Teaching moves online

This hopefulness lasted until about mid-October. I was lucky to be able to attend in-person seminars for my intensive German course in September, and managed to make a good few friends who were in the same boat as me. We made the most of the relaxed coronavirus regulations and spent our evenings (and sometimes afternoons too) in beer gardens and bars, making the most of the blissfully sunny September. 

As the university semester raced closer, and the number of Covid-19 cases in Germany started to rise, it slowly dawned on us that this relative freedom would soon be snatched from our clutches. So ensued a sort of freshers-week frenzy whereby we all tried to fit a semester’s worth of experiences into our first months in Germany.

Sophie Shanahan with friends at the Neues Rathaus in Hanover. Photo courtesy of Sophie Shanahan.

I am grateful that I managed to visit so many new cities in those first weeks, and my Semesterticket (a pass given to students in Germany which allows them to travel across their local region for free) definitely came in useful. 

READ ALSO: Studying in Germany: These are the words you need to know

It then became clear that our teaching for the semester was going to be online. I soon had to forget all ideas of cycling to class in my university’s main teaching building - nicknamed the castle as it was once a Prussian palace - and accept that the majority of my mornings would be spent sitting alone at my stark desk, staring out at the bleak 1960s lab buildings that stopped almost all light from making its way through my window. 

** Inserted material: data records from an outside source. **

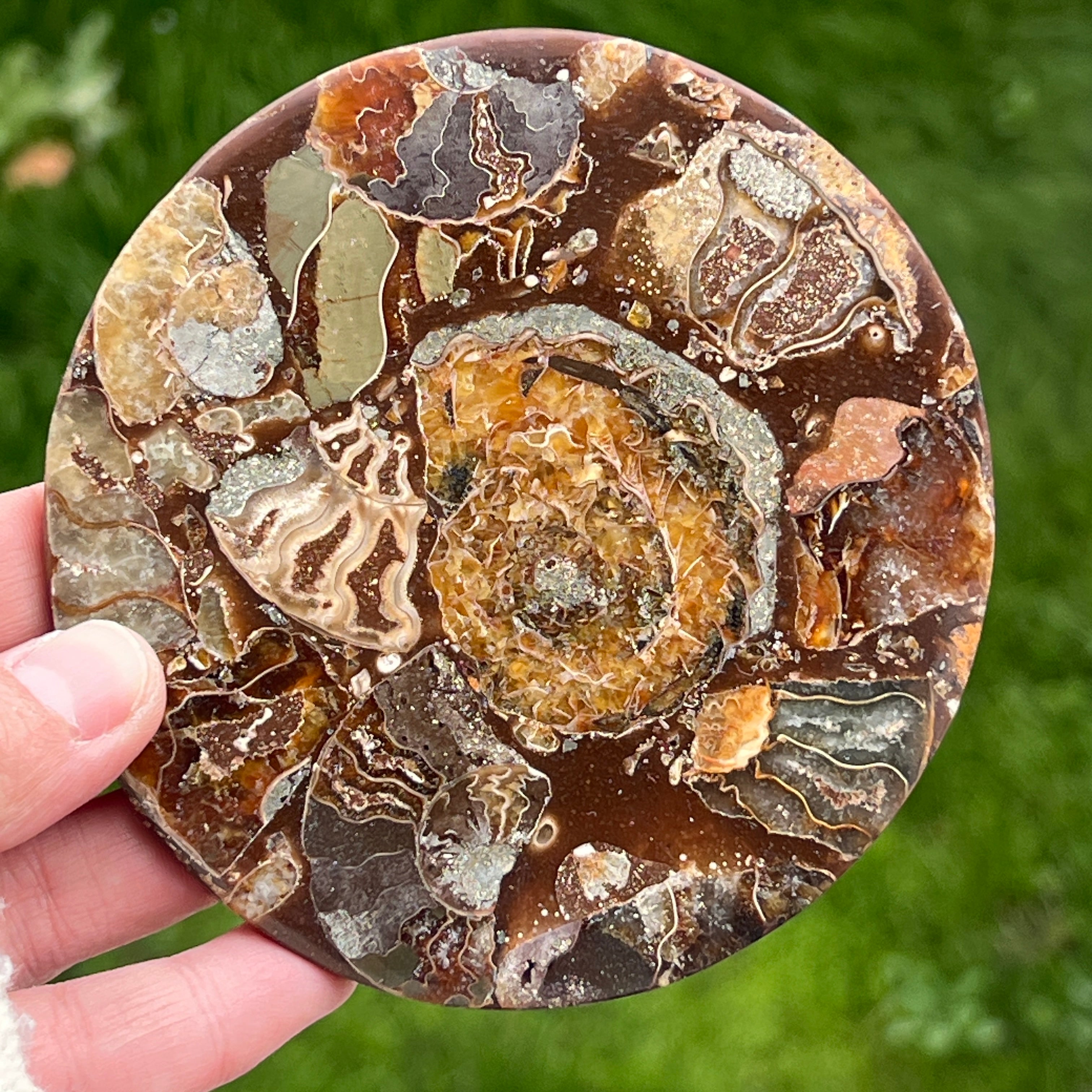 Az amonit fosszília kristályok valódi amonit fosszíliákból készülnek. Ezek a fosszíliák különböző méretűek és díszítésűek lehetnek, a fajoktól és a geológiai koruktól függően.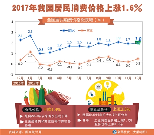 2017年全年,CPI同比上涨1.6%,涨幅比2016年回落0.4个百分点,重新回到“1时代”。食品价格下降1.4%,是自2003年以来首次出现下降,主要受猪肉和鲜菜价格下降较多影响。非食品价格上涨2.3%,涨幅比上年扩大0.9个百分点,其中,工业消费品价格上涨1.7%,服务价格上涨3.0%。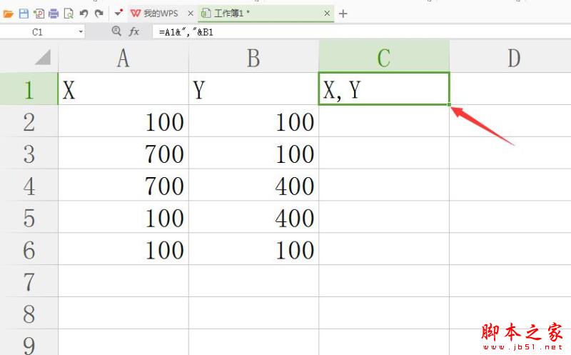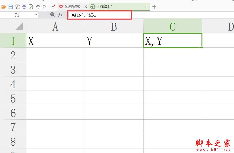 2. 我们再A1输入X,B1输入Y,在C1输入公式=A1&","&B1,这个时候在C1就会自动出现X,Y了

I must say I am incredibly grateful to have made such close and supportive friends during my early days in Germany, I am not sure I could have endured the isolation of the lockdown period without them. Moving to a new country on your own is disorientating enough as it is, and the imposition of ever-changing lockdown restrictions meant it was harder than ever to feel settled. 

We made do though and, as our Semestertickets began to gather dust, beer gardens were swapped for parks, restaurants for dingy student kitchens. Almost everyone I know was still able to form some firm friendships over here, perhaps made even firmer by a shared frustration with the seemingly endless restrictions.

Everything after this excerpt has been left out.